SOMANZ Poster Presentation Australasian Diabetes in Pregnancy Society and Society of Obstetric Medicine Australia and New Zealand Joint Scientific Meeting 2025

Persistent cardiometabolic risk following pregnancy complications: a repeated-measures analysis (#190)

Emily Aldridge 1 2 3 , Maleesa Pathirana 1 2 3 , Susan Sierp 2 , Gustaaf Dekker 1 3 4 , Claire Roberts 1 3 5 , Margaret Arstall 1 2
  1. Adelaide Medical School, University of Adelaide, Adelaide, SA, Australia
  2. Department of Cardiology, Lyell McEwin Hospital, Elizabeth Vale, SA, Australia
  3. Robinson Research Institute, University of Adelaide, Adelaide, SA, Australia
  4. Department of Obstetrics & Gynaecology, Lyell McEwin Hospital, Elizabeth Vale, SA, Australia
  5. College of Medicine and Public Health, Flinders University, Bedford Park, SA, Australia

Aim

Maternal complications of pregnancy, including hypertensive disorders of pregnancy, gestational diabetes mellitus, fetal growth restriction, preterm labour, and placental abruption, are associated with significantly increased risk of future cardiometabolic disease. Lifestyle interventions in early postpartum that focus on preventative strategies are recommended for cardiometabolic disease risk reduction in this young, high-risk population of women. The aim of this repeated-measure registry analysis was to report the change in maternal metabolic syndrome status after receiving a nurse practitioner-led lifestyle primary prevention intervention delivered soon after a complicated pregnancy.

Method

This registry analysis included N=212 women who had two appointments, at six- and eighteen-months postpartum after a complicated pregnancy, at the postpartum lifestyle clinic in Adelaide, South Australia between 2018 and 2024. Metabolic syndrome status at both time points was assessed.

Results

For the repeated-measure analysis (n=212), the metabolic syndrome prevalence increased from 36.3% (n=77) at six-months postpartum to 42.9% (n=91) at eighteen months postpartum.
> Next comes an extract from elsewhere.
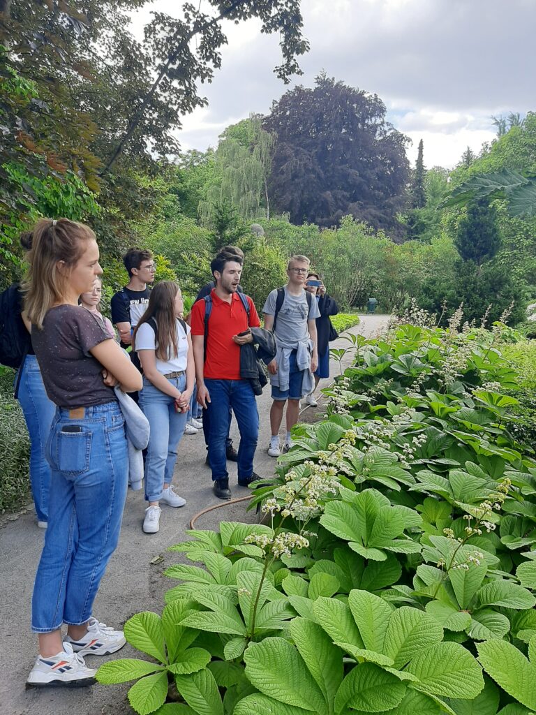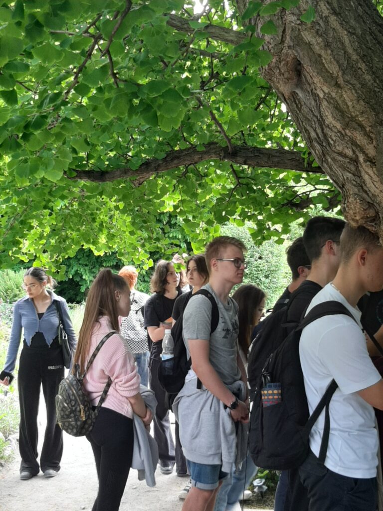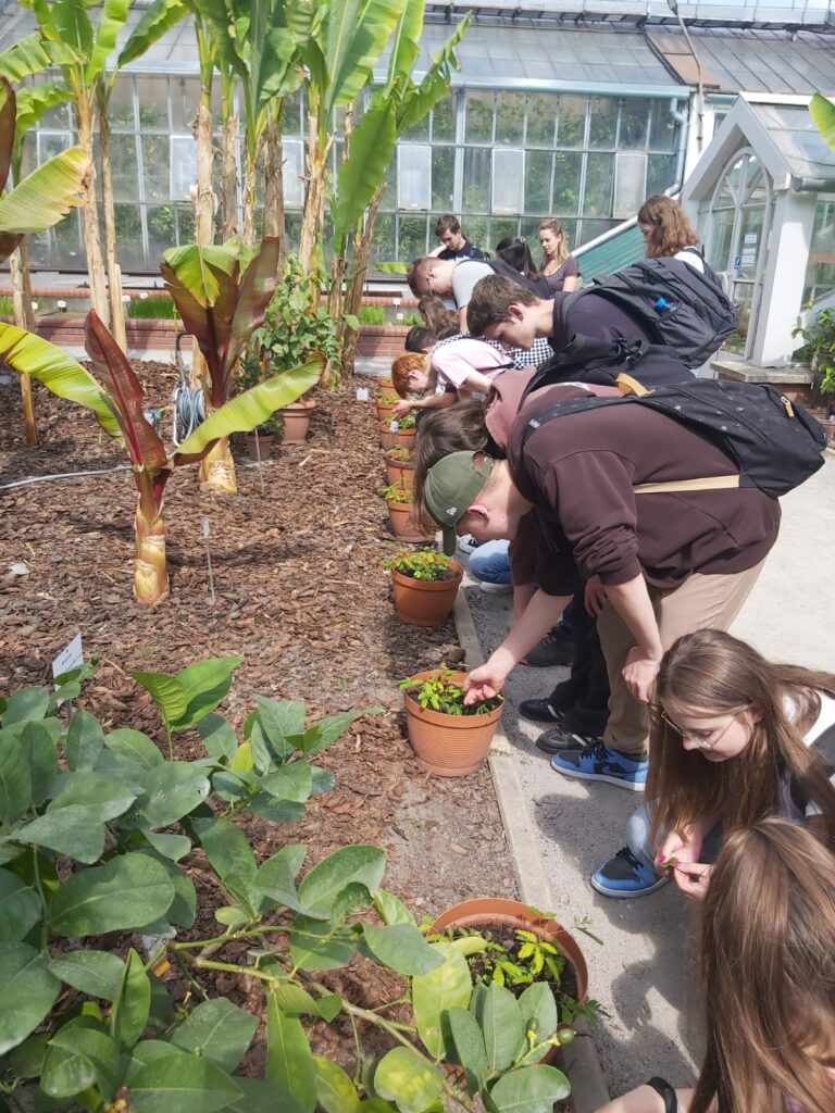 Drugim punktem była wędrówka z przewodnikiem po ścieżkach ogrodu, gdzie uczniowie mogli obserwować wiele ciekawych gatunków pochodzących z różnych stref klimatycznych , gatunki endemiczne i reliktowe. Zapoznali się z ich przystosowaniami w budowie morfologicznej i anatomicznej oraz systematyką.
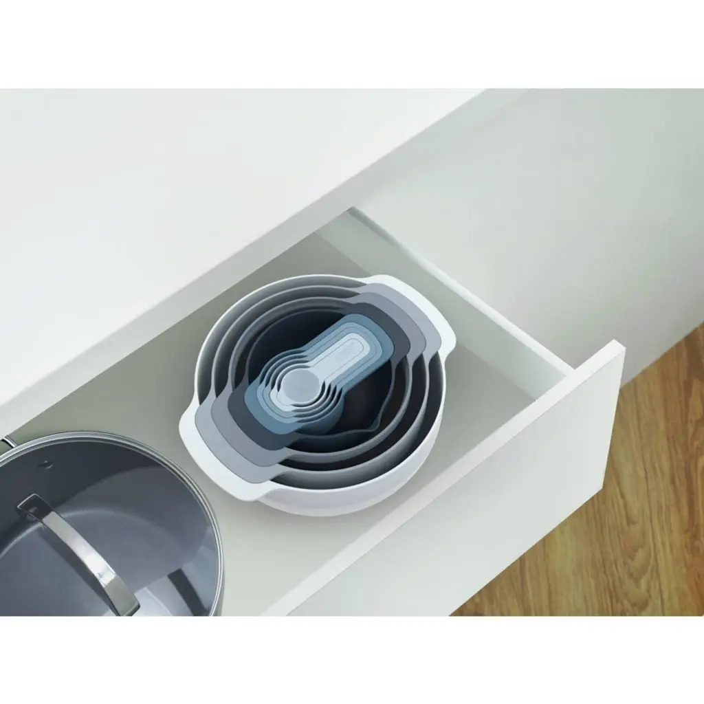 Joseph Joseph Nest 9 Plus 9Pc Food Preparation Set - Sky: Stainless Steel Mixing Bowl Set, Dishwasher-safe, Nonslip Base

This increase was not statistically significant (p > 0.05). Individual measures of metabolic syndrome and other cardiometabolic measures remained similar across both timepoints.

Conclusion

There is a high prevalence of metabolic syndrome in women who have recently experienced a complicated pregnancy, putting them at significantly increased risk of future cardiovascular disease. The results of our analysis indicate that more drastic and holistic interventions, rather than simply lifestyle intervention, may be required to assist young women reduce their cardiovascular disease risk following pregnancy.